*Record set:*
*** Block opens ***

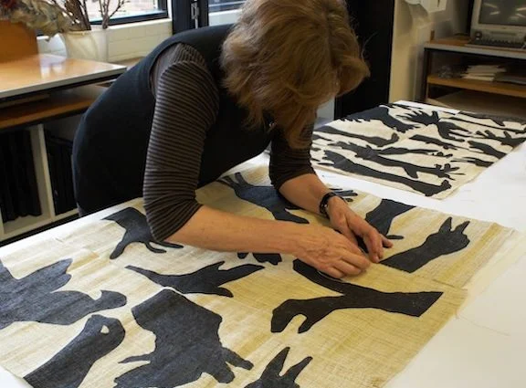 Having fun creating “shadow puppets” / Screenprinting images on fabric / Embellishing and detailing printed images
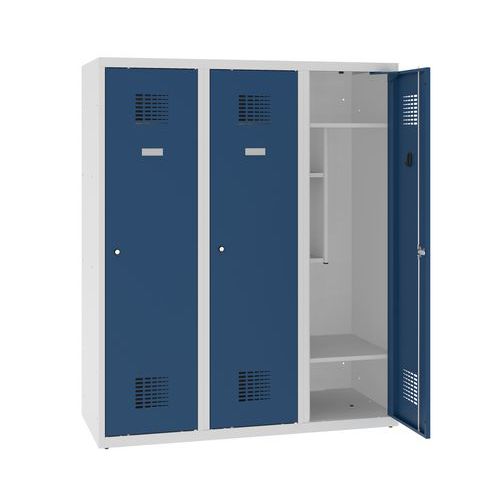 Třídveřové šatní skříně se sníženou výškou. Vhodné do škol pro žáky prvního stupně.
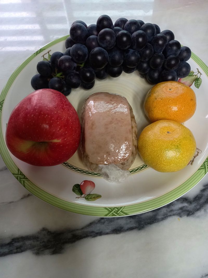 스팸무스비, 갈비, 분홍소시지,호박부침개,커피 .사과,귤,포도,복숭아 과일까지
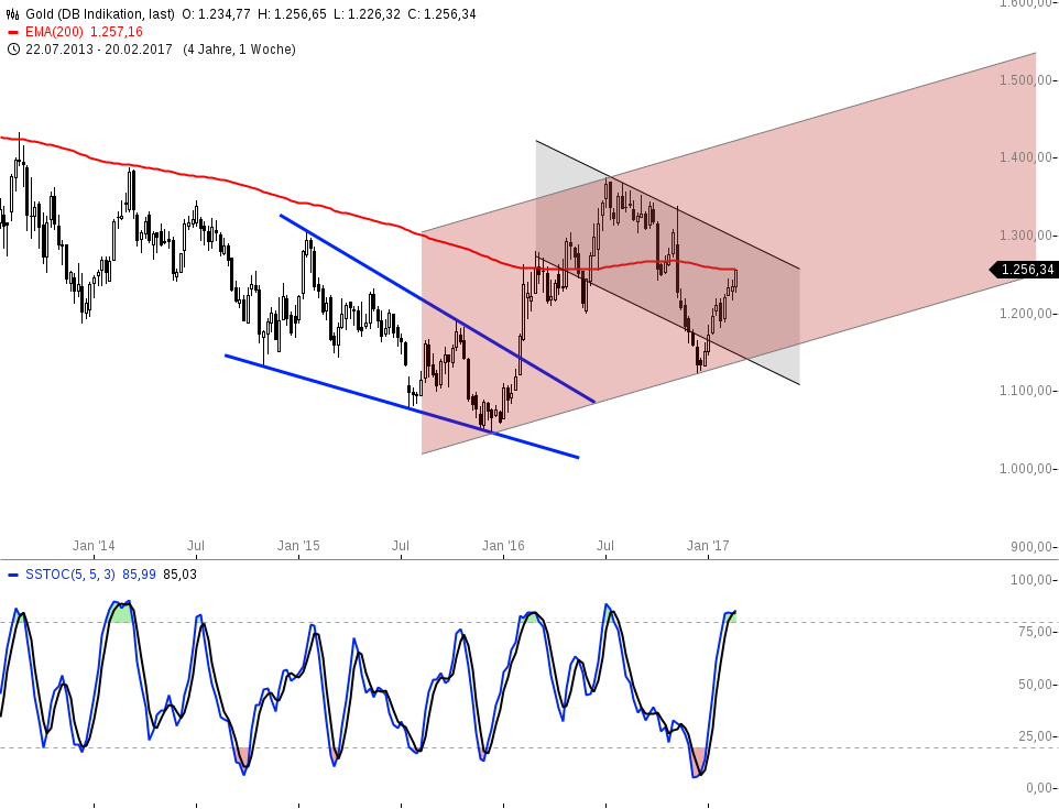 Wochenchart Gold 2013 – 2017, eine Kerze entspricht einer Woche – Chart by GodmodeTrader / Guidants
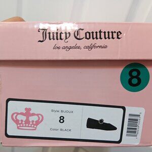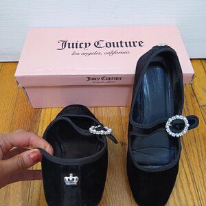 Authentic stunning Juicy Couture black velvet flats ship to you in the original pink Juicy Couture shoe box. They match with so many different outfits, especially for the winter holidays!!
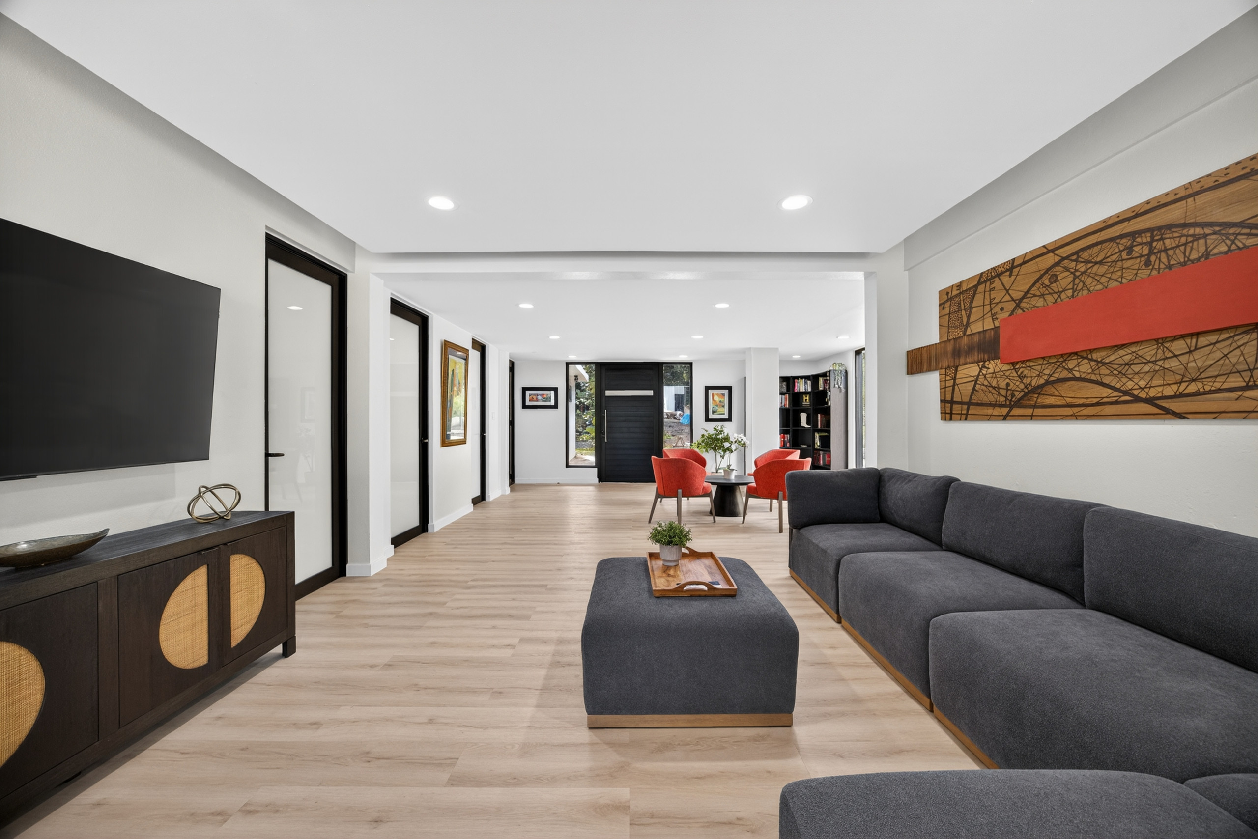 Inside, you’ll find high-speed Wi-Fi, three TVs, and comfortable common areas designed for group stays. The fully equipped electric kitchen is perfect for large groups and extended stays, offering a refrigerator, oven, microwave, freezer, coffee maker, toaster, kettle, cookware, and full dishware—everything needed to prepare meals at home.
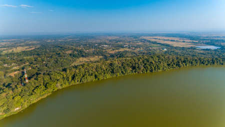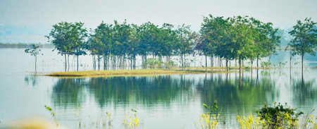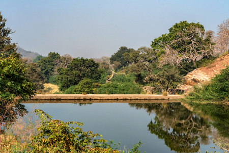 Landscape with trees and lake in Ranthambore, India
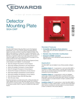 Datasheet for the Edwards EST SIGA-DMP, published in 2020. Document No: E85001-0255, Rev: Issue 1.1. 13 models including SIGA-DMP, SIGA-PD, SIGA-PHD and 10 additional variants. Product features, environmental operating limits, and compatibility data.
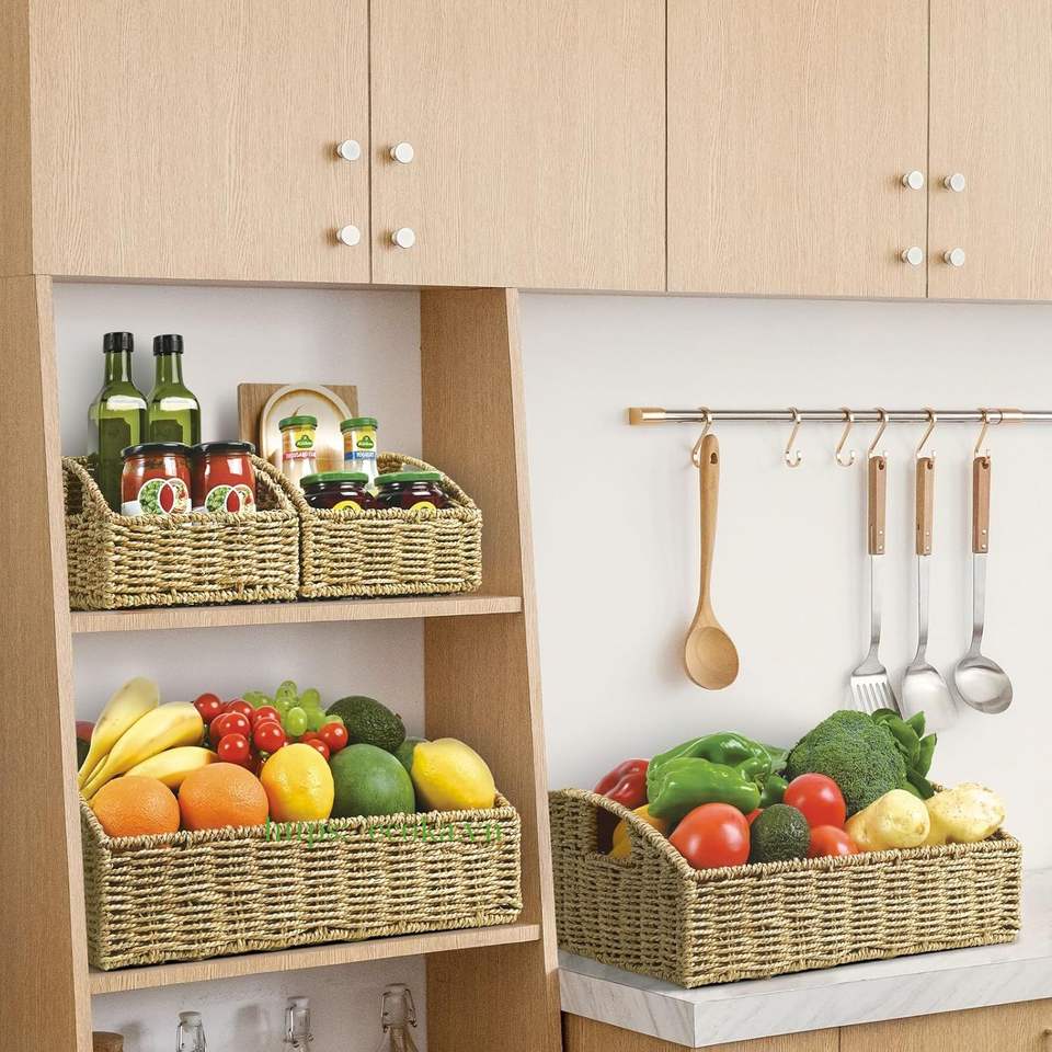 Natural Seagrass Storage Baskets, Handwoven Wicker Storage Bins with Built-in Handles, Storage Container Baskets for Shelves
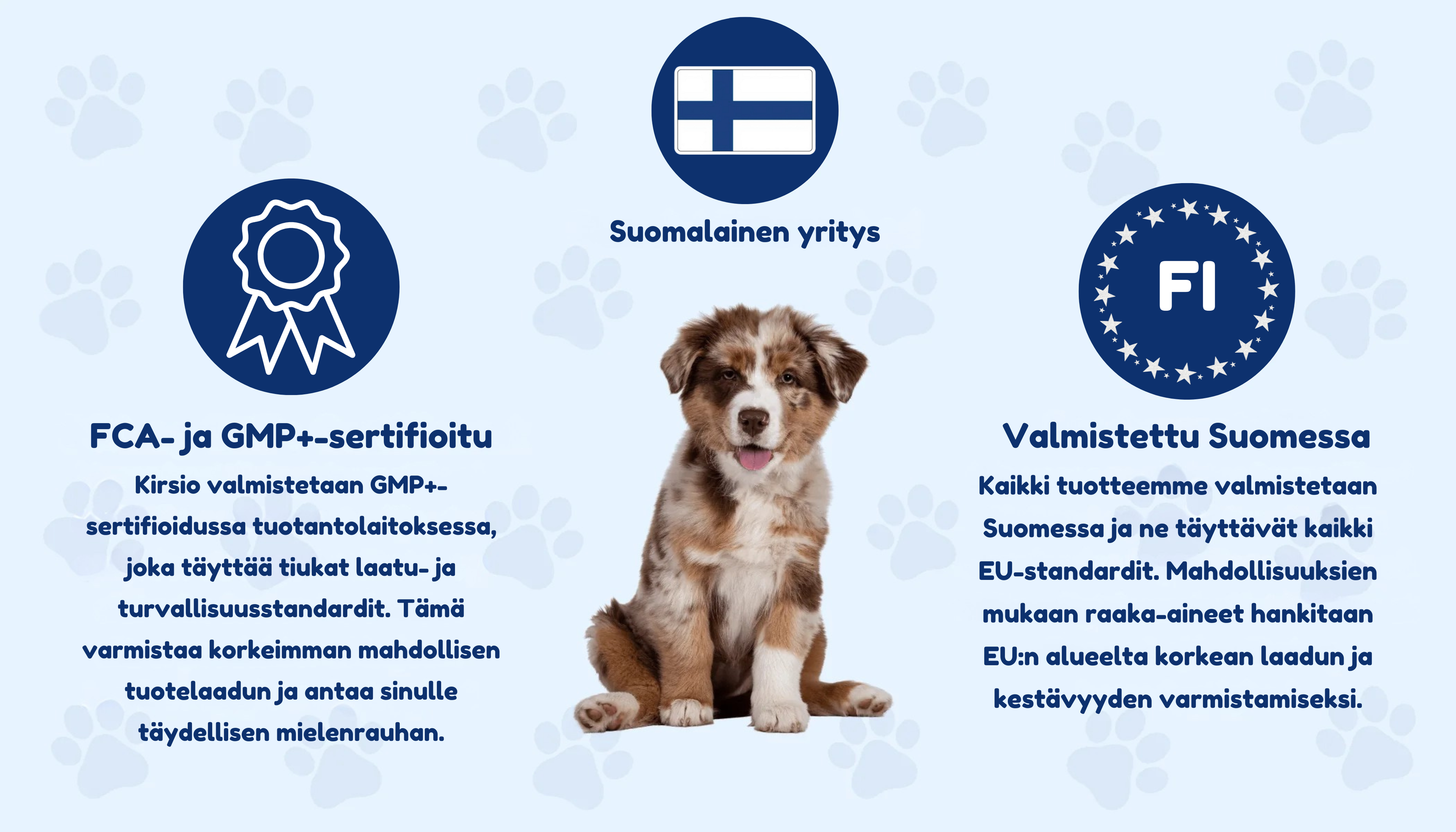 Olemme tuotteestamme niin varmoja, että tarjoamme myös 60 päivän tyytyväisyystakuun. Jos koirasi ei saavuta toivottuja tuloksia, saat rahasi takaisin.
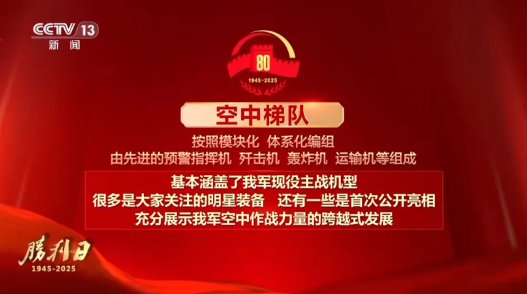 空中梯隊,按照模塊化、體系化編組,由先進的預警指揮機、殲擊機、轟炸機、運輸機等組成,基本涵蓋了我軍現役主戰機型,很多是大家關注的明星裝備,還有一些是首次公開亮相,充分展示我軍空中作戰力量的跨越式發展。
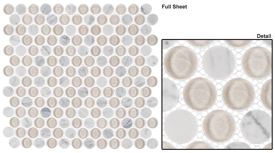 Tile Size: Penny roundsSheet Size: 11 15/16″ x 12 1/16″Sheet Coverage: 1 SQFRows per Sheet: 14Tiles per Sheet: 168Cut into Borders: Every 2 rowsTile Thickness: 6 mmGrout Joint: 1/16″ (2 mm)Mesh Mounted: YesDue to the variance in installation methods, grout colors, lighting, image variances and computer monitor settings; the images above may not accurately represent the true color of the products after installation.Therefore Glazzio Tiles always recommends that tiles not be purchased from an image of any kind.
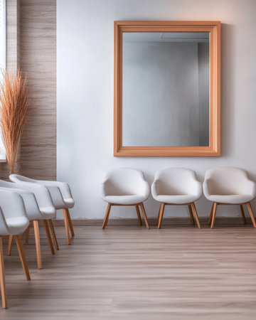 A bright and spacious room showcases modern white chairs with wooden legs arranged neatly. A large wooden-framed mirror reflects the serene atmosphere enhancing the design.
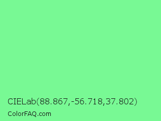 CIELab 88.867,-56.718,37.802 Color is a light green color and the nearest color is Light Green #90ee90. Hex code #78f994 and RGB value is rgb(120,249,148). In RGB color space, this color is composed of 47% red, 98% green, 58% blue, In CMYK color space, this color is composed of 52% cyan, 0% magenta, 41% yellow , 2% black , In HSL color space, this color has a hue angle of 133° , 91% saturation and 72% lightness.
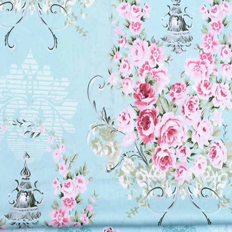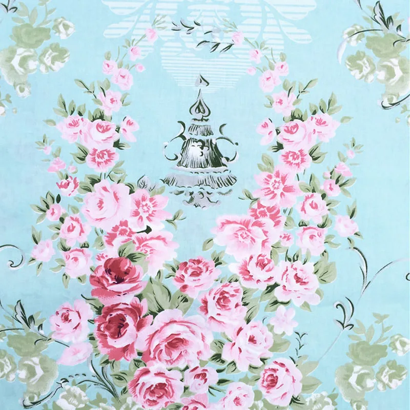 Красивые 50x160 см синий (с Цветущими Розами и цветочным принтом 100% хлопчатобумажной ткани Лоскутное детское постельное Тильда Ткань Лоскутная Ткань для шитья tecido с фатиновой юбкой и цветочным узором

*** Block closes ***

Quote, exactly and only, the lines from the first line of the data above through the line containing "스팸무스비, 갈비, 분홍소시지,호박부침개,커피 .사과,귤,포도,복숭아 과일까지". The pictures do not belong in it.

 Having fun creating “shadow puppets” / Screenprinting images on fabric / Embellishing and detailing printed images
 Třídveřové šatní skříně se sníženou výškou. Vhodné do škol pro žáky prvního stupně.
 스팸무스비, 갈비, 분홍소시지,호박부침개,커피 .사과,귤,포도,복숭아 과일까지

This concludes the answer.